- Born: March 1, 1932 Wuxi, Jiangsu, China
- Died: 5 September 2019 (aged 87) Beijing, China
- Education: Shanghai Jiao Tong University Donghua University
- Scientific career
- Fields: Chemical fiber engineering
- Workplaces: Chinese Academy of Engineering (CAE)

Chinese name
- Traditional Chinese: 季國標
- Simplified Chinese: 季国标

Standard Mandarin
- Hanyu Pinyin: Ji Guobiao

= Ji Guobiao =

Chinese chemical engineer (1932–2019)

Ji Guobiao (季国标; 1 March 1932 – 5 September 2019) was a Chinese chemical engineer and an academician of the Chinese Academy of Engineering (CAE). He was a pioneer of chemical fiber engineering technology in China.

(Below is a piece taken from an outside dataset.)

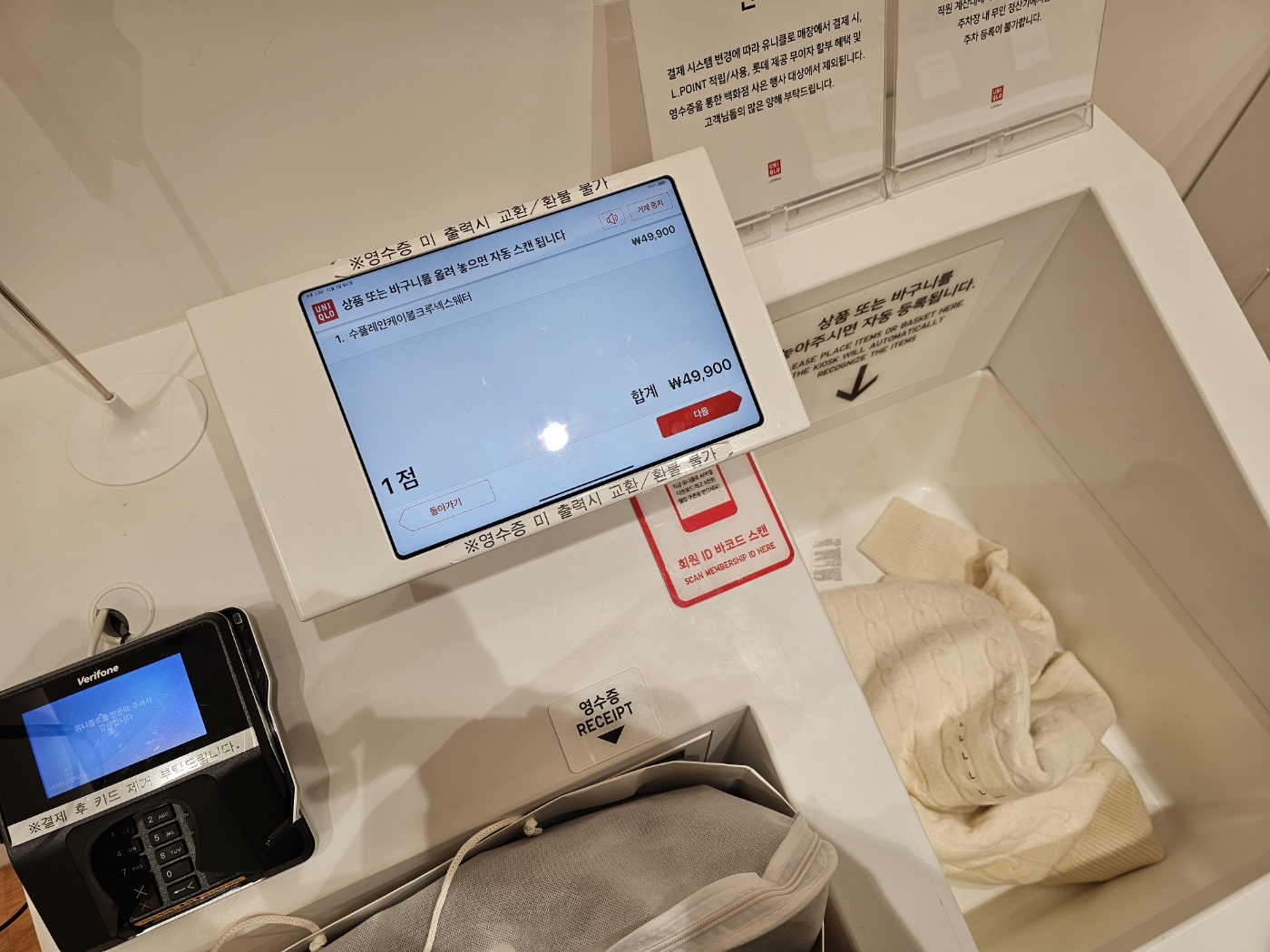 와 처음에 카메라로 하는 건가? 카메라로 하는거면 대박인데 어떻게 했지? 하면서 카메라를 찾아봤는데 카메라가 없었다! 진짜 신기하다. 해보지는 않았는데 바구니채로 옷 담아가서 넣어도 알아서 계산된다고 한다. 유니클로가면 항상 줄 서서 결제한 기억이 있는데(몇년 전) 내가 갔을때는 줄을 안서고 바로바로 결제가 가능했다. 그나저나 유니클로 옷을 직접 사는 건 정말 몇년만인 거 같다...

==Early life and education==
Ji was born in Wuxi, Jiangsu, in March 1932. He studied at Donglin Academy and Furen High School. After the liberation of Shanghai in 1949, he was accepted to Shanghai Jiao Tong University, where he majored in the Department of Industrial Management and the Department of Textile Dyeing and Chemical Industry. In 1951, due to the adjustment of the faculty, he became a new transfer student at East China Institute of Textile Science and Technology (now Donghua University). During his university years, he joined the New Democratic Youth League.

==Career==
After university, he was assigned to Qingdao Printing and Dyeing Plant (青岛印染厂). During his work, he taught himself the professional knowledge of chemical fibers. He joined the Chinese Communist Party in 1954. That same year, he was sent abroad to study at the expense of the government. After returning to China he became director of the Technical Room of Baoding Chemical Fiber Factory (保定化纤厂). In the autumn of 1958, he followed chemist Hou Debang to Japan to study fertilizer and fibre production technology. In 1963, he was transferred to Nanjing Chemical Fiber Plant (南京化纤厂) as deputy chief engineer. In 1965, he helped found the Lanzhou Chemical Fiber Plant (兰州化纤厂). He was appointed deputy chief engineer after studying synthetic fiber production technology in the United Kingdom. During the Cultural Revolution, he was denounced as a "reactionary" and was brought to be persecuted. He entered politics in 1973, when he was transferred to the Ministry of Textile Industry. In 1978, he helped found Yizheng Chemical Fiber, serving as its deputy commander and chief engineer. In 1980 he was appointed director of the Department of Chemical Fiber of the Ministry of Textile Industry. He was promoted to vice-minister in 1984. In 1994 he was elected an academician of the Chinese Academy of Engineering (CAE). In December 2003, Donghua University established the Institute of Modern Textiles, Ji became its first dean.

==Death==
He died of laryngeal cancer in Beijing, on 5 September 2019.

==Selected papers==
- "Die Entwicklung der Chinesischen Textile Industrie" (1988)
- "China's Man-made Fiber Industry Prospects for the year 2000" (1990)
- "China's Polyester Industry" (1993)
- "China to Strengthen Industrial Textiles" (1994)
- "China intensive die Ent wicklung von Chemie faser and ihren Einsats in technischen Textilier" (1994)
- "Development of China's Acrylic Industry" (1998)
- "The Application and Prospect of Polypropylene Fiber in China" (1999)
- Ji Guobiao (1999). "High Strength Polyvinyl Alcohol Fiber Applied in Cement and Building Materials"
- "Hochfeste PVA-Faser fur die Zementverterkung" (1999)
- "The Man-made Fiber and Textile Industry at Milinium-Great Past and Bright Future in China" (2000)
- "Vliestoffe: Polyvinyl Alkohol Faser" (2001)
- "Prospect of Advanced Fiber Material in China" (2002)

==Awards==
- 2004 5th Guanghua Engineering Science and Technology Award.